All set? Okay. Honestly, it's as if the U.S. Latin-listening public had not only anticipated my objections to the previous song (recap: sensitive ballad cover of a funky salsa original is a change for the worse), but agreed. What starts off sounding like another ultra-sensitive ballad (but classy! that string arrangement!) eventually turns into a roaring salsa barnstormer, complete with competing horn charts, popping bass, and a lengthy dénouement in which he shouts improvisatorily over the chants of his backing orchestra. The first salsa #1, Wikipedia says, and if my tags disagree I may have misidentified merengue or simply dance music with horns; certainly it's the first #1 by a performer dedicated to the genre.

Salsa, like disco, is essentially a longform medium, structurally flexible but enslaved to the rhythm, highly orchestrated, passionately performed and danced, and an implicit expression of joy regardless of the sentiments in the actual lyrics. (Disco both partly descended from salsa and developed alongside it; but where disco went electro in the 80s salsa has stayed largely true to its big-band roots, and remains a live performer's music rather than a DJ's.)

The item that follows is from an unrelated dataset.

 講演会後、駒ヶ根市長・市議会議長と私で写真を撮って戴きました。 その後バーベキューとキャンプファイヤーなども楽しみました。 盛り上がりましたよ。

Those lyrics are where the dramatic ballad-dance structure comes in: it's programmatic music, telling a story even though the change is in mood rather than time. "Y Hubo Alguien" means "and there was someone," and the story Marc Anthony tells is that he was left broken-hearted by the song's addressee -- but it's all right, because there was someone else, someone who took care of him, sacrificed to please him, spoke kindly to him (like a woman should a man, runs the unspoken assumption). And the music and rhythm swell up in response to this joy. The second verse downshifts into a ballad gear again, as he addresses the ex with pity -- and then the chorus whirls back up dramatically, and the long salsa workout that finishes out the song is rubbing it in her face: "I cried over you, now it's your turn to cry a while." Both the sentiment and the music are traditional (well, dating to the 70s), but details of the production (the funky slap bass) and especially Anthony's rich, flexible voice make it thoroughly modern.

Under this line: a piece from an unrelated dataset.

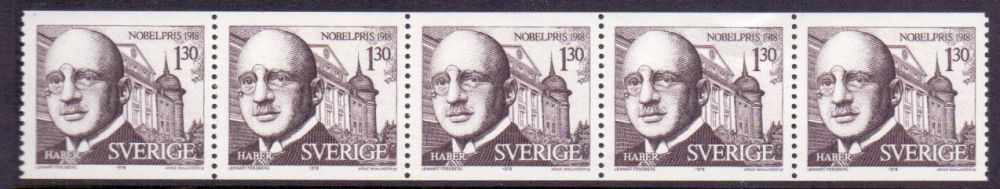 F1068 Nobelpristagare 1918 1.30 kr, 5-strip ** |

For here is another brick in the edifice that is the Latin music world as we know it today: Marc Anthony's first #1, the first single off his third album, carefully dramatized and orchestrated to be a massive hit -- he is of the generation of Enrique Iglesias and Alejandro Fernández, and together they represent the tripartite coalition of Latin music within the United States: Iglesias the international playboy and pop star, Fernández the Mexican craftsman and ranchero, and Anthony the Nuyorican soulman and salsero. The album, Contra la Corriente (against the current), with its starkly miminalist cover, posits Anthony as a Real Musician, modern but also out of time, a salsa belter dressed like Paul Simon in 1969. Of the three, he intrigues the most, and I know least what to expect from him as we barrel into the future.

1 comment:

  1. "I cried over you, now it's your turn to cry a while." Simply one of the best lines ever written.